第149話 神殿②

 実際に足を踏み入れた神殿と呼ばれる施設は、事前に授業で習っていた通りの造りをしていた。


「御覧の通り、神殿は線対称を意識して造られた建築物です。太古の時代、顕現された天使様の偉大なる魔法によって造られてから、どれくらいの時間が経ったか詳細は不明ですが、当時から変わらず、数多くの心の清らかな者たちが、ここを聖地と崇めて来訪します。今、皆さまが見ているここが、俗に大衆広場と呼ばれている場所です。来訪者が一番最初に目にする、いわば神殿の顔のような場所です」


 白装束に身を包んだ、年若い青年神官が丁寧に説明してくれるのを聞きながら、アリアネルは気づいたことを手元のメモに書き込んでいく。
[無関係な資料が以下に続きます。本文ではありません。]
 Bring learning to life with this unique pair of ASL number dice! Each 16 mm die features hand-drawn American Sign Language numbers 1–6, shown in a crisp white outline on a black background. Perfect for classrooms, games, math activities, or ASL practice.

「広場を抜ければ、左右に道が分かれます。本日は、一般の来訪者にも開放されている向かって左の施設を中心に見学していただきますが、皆さまの中には、卒業後に神殿に勤める方もいらっしゃるでしょう。その方々は、研究が主目的となっている右手側が、人生の大部分の時間を過ごす施設となりますね。なるべくゆっくりと歩きますので、今日は、くれぐれもはぐれて右手側に立ち入らないよう注意してくださいね」


 青年の言葉に、アリアネルは施設全体に興味がある振りをしながらぐるりと周囲を見回す。
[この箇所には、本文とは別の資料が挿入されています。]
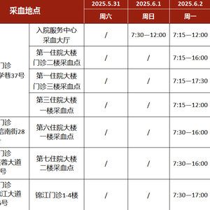 2025年5月31日(星期六)华西坝院区(包括门诊药房、采血室及相关检查科室)停诊1天。

 卒業見込みの上級生らと、アリアネル、シグルト、マナリーアの三名。学園から付いてきた引率の教師と、案内役の若い神官の補佐を任されているらしき集団の後ろにぴったりとついて回っている年配の神官。

 さすがに、この団体行動の最中――それもこんな最序盤で、個人行動をして立ち入り禁止区域に入ろうと画策することは難しいだろう。


(まぁいいや。どこかで隙を見つけるとして、今は見学に専念しよう。一般公開されているところにも、何かのヒントがあるかもしれないんだし)


 胸中で呟きながら、改めて施設の全体像を仰ぐ。

 王国の歴史よりも長くこの地にあったという建築物だというのに、全く古びた様子がない。まるでついこの間造られたばかりだ、と言うような顔で聳え立つのは、どこもかしこも真っ白な石造りの巨大な施設だ。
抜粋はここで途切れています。